A basket of theories

What’s going on? There's a lot of finger-pointing but not a lot of satisfying explanations. Instead, we have theories, ranging from plausible to "get out your tinfoil hat." There isn't much conclusive evidence for any of these, so take them all with a hearty grain of salt.

The "cost cutting" theory

Let's start with the most cynical (and perhaps most narratively satisfying) explanation: follow the money.

We know that running frontier LLMs at scale is incredibly expensive, and model developers are trying to find ways to train and run models more efficiently - GPUs don't come cheap. So why not just... kneecap the model so it's cheaper to run?

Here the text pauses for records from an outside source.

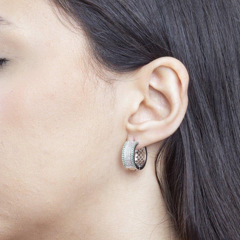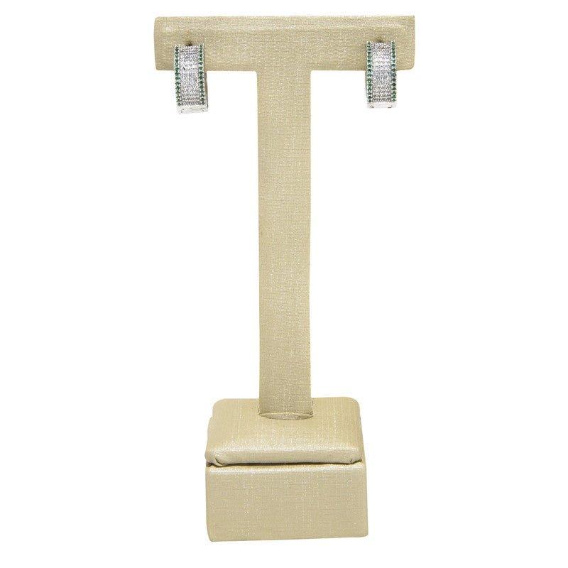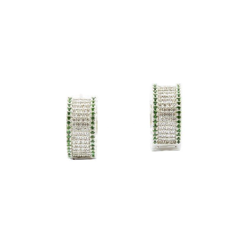 Brinco Emanuely argola com microzirconias zirconias brancas e esmeraldas folheado a rodio.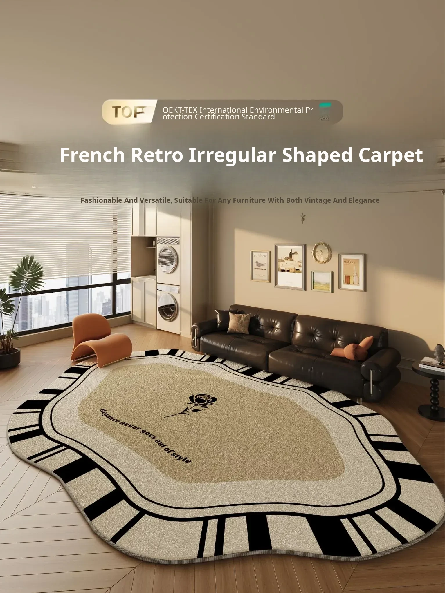 Retro Chic Living Room Carpet - Luxurious Vintage Style Sofa Mat, Stain-Resistant Bedroom Area Rug, Easy-Clean Design for Effortless Elegance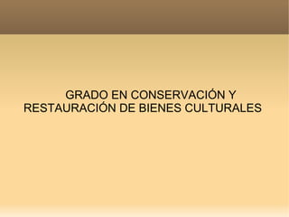 Este documento contiene información sobre las notas de corte para el grado en Conservación y Restauración de Bienes Culturales en diferentes universidades españolas. También incluye los parámetros de ponderación de las asignaturas del plan de estudios y posibles salidas profesionales en la conservación y restauración del patrimonio cultural.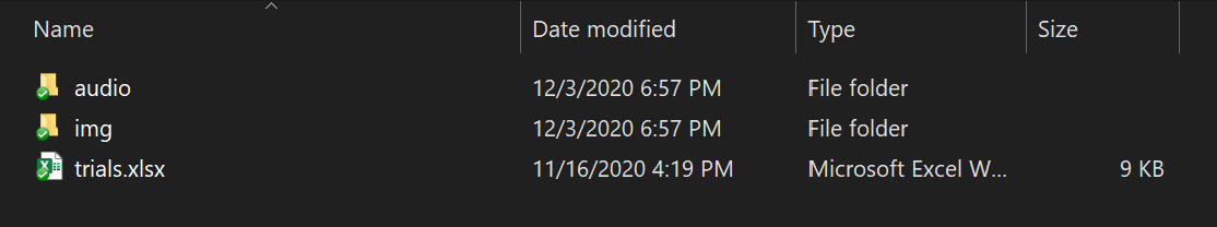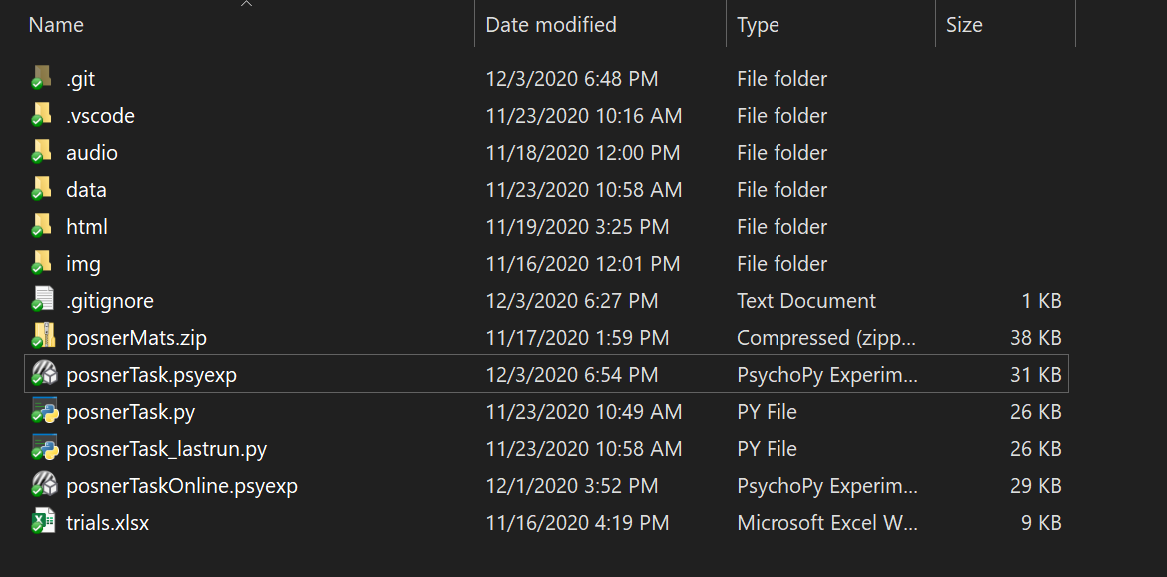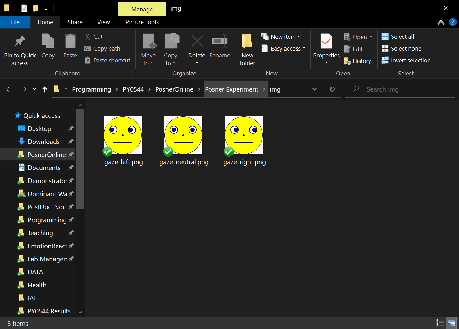 Start by creating a study folder called posner and within that folder create two more folders, one called img and one called audio.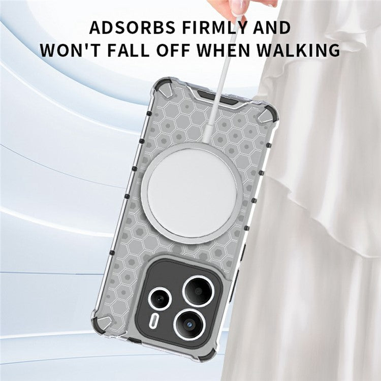For Xiaomi Redmi Note 14 5G Case Compatible with MagSafe Honeycomb Design TPU + PC Phone Cover - Red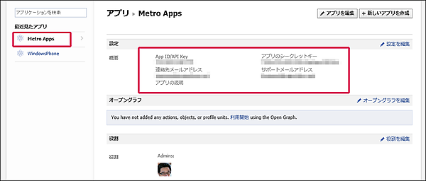 上記サイトにアクセスすると、私の場合はすでに、Windows PhoneとMetro Appsというアプリケーションを登録していますので、「設定」内に「App ID/API Key」や「アプリのシークレットキー」が表示されています(図3)。
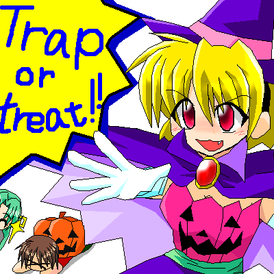 | 沙都子「Trap or treat!!ですわー♪」 圭一「ちょっと待て沙都子ッ!その危険で確信犯な間違いは脅迫と同じだぞッ!? って、うわーーーー!?」 沙都子「……カボチャは嫌いですけれど、さすがにトラップに使った時の破壊力は抜群ですわね……」 圭一「お・前・なぁー!!感心してないでさっさとどけろーっ!」 詩音「どかしちゃうんですか?勿体無いです、圭ちゃん。ものすごく似合ってますよ?」 圭一「な……っ詩音!?」 沙都子「飛んで火にいる詩音さんとはこのことですわね! Trap or treat!ですわ!」 詩音「……(ニコニコ)」 沙都子「(ぞく)……な、なんですの、その笑みは?」 詩音「いえいえ。お菓子ならちゃあんと用意してありますから。 ……パンプキンパイにパンプキンケーキ、パンプキンパン。 さぁお好きなのを選んじゃってください♪(ニヤリ)」 沙都子「ふ、ふわぁぁああああん、カ、カボチャは嫌ですのーっ(泣)」 ハロウィンの日に描いたハロウィン絵です〜♪ 雛見沢のハロウィンではこう言うのが普通です(嘘だッ!(笑) でも、ハロウィン関連で売ってるお菓子ってカボチャのばっかりなんですよね。 沙都子はTreatより専らTrapに走ることになりそうです(笑) ……そして描いてる時は自覚なかったのですが、「大胆な服だ」とレスで皆様に連呼されました……言われてみれば、確かに(笑) |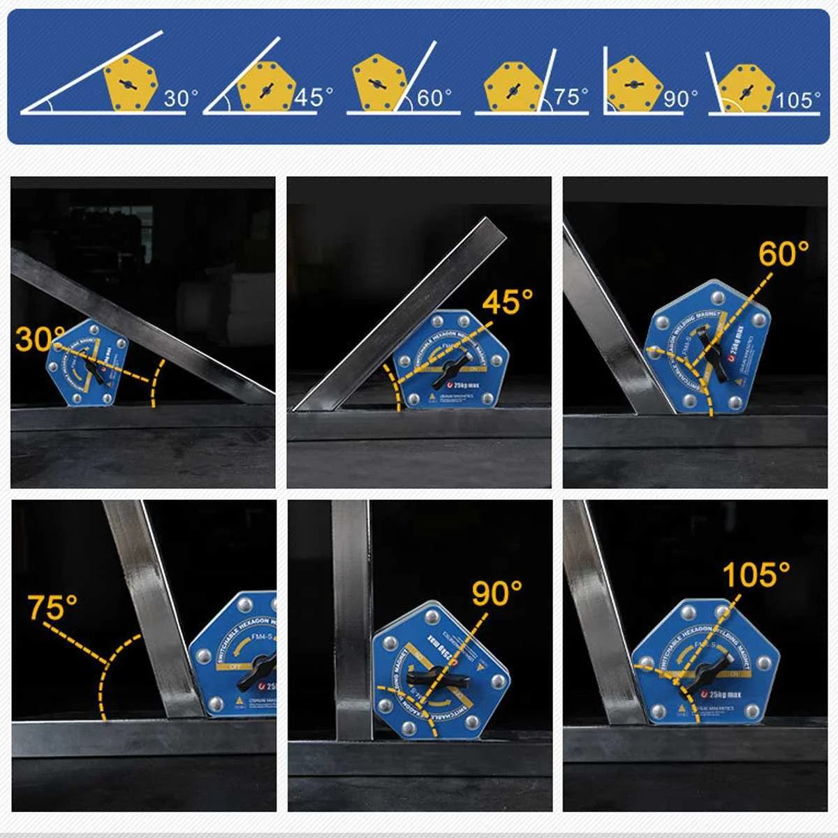 -Различные углы: под несколькими углами держатель можно использовать при 30 °/45 °/60 °/75 °/90 °/105 °.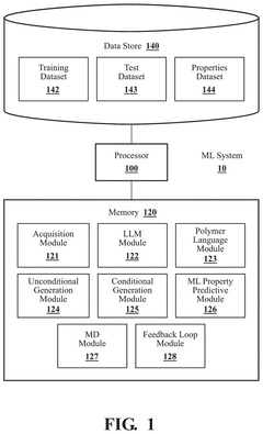 Machine learning models can be trained on polymer representation data to predict various properties such as mechanical strength, thermal stability, and chemical reactivity. These predictive models enable rapid screening of potential polymer candidates without the need for extensive experimental testing. By leveraging historical data and structure-property relationships, these models can identify promising polymer structures for specific applications and guide the development of new materials.Expand Specific Solutions04 Polymer sequence and structure generation

The technical term for this is "quantization," where model weights are compressed from 32 bits of data to 16 or 8 bits instead - imagine compressing a 4K movie down to 1080p. The result is smaller outputs, lower latencies, and more cost efficiency, but in exchange for reduced accuracy and performance2.

There's just one problem with this theory: it goes against repeated public denials from OpenAI and Anthropic.

And sure, given the messy, cloak-and-dagger drama that has happened with leading AI companies, I understand people's skepticism. But it doesn't make much sense if you think about it - OpenAI's dominance in the market is based on the capabilities of GPT-4. Yes, running inference is expensive, but they're also on the verge of raising billions more from Apple and Nvidia. Why would they knowingly water down their flagship product and risk adding to the narrative that they're falling behind3?

Artificial Ignorance is reader-supported. If you found this interesting or insightful, consider becoming a free or paid subscriber.

The "stale training data" theory

The next theory revolves around the model's training data. The idea is that LLMs perform brilliantly out of the box because they've got "fresh", up-to-date training data and knowledge cutoffs. However, as they encounter new real-world scenarios, their performance degrades since they aren't actually good at solving novel problems.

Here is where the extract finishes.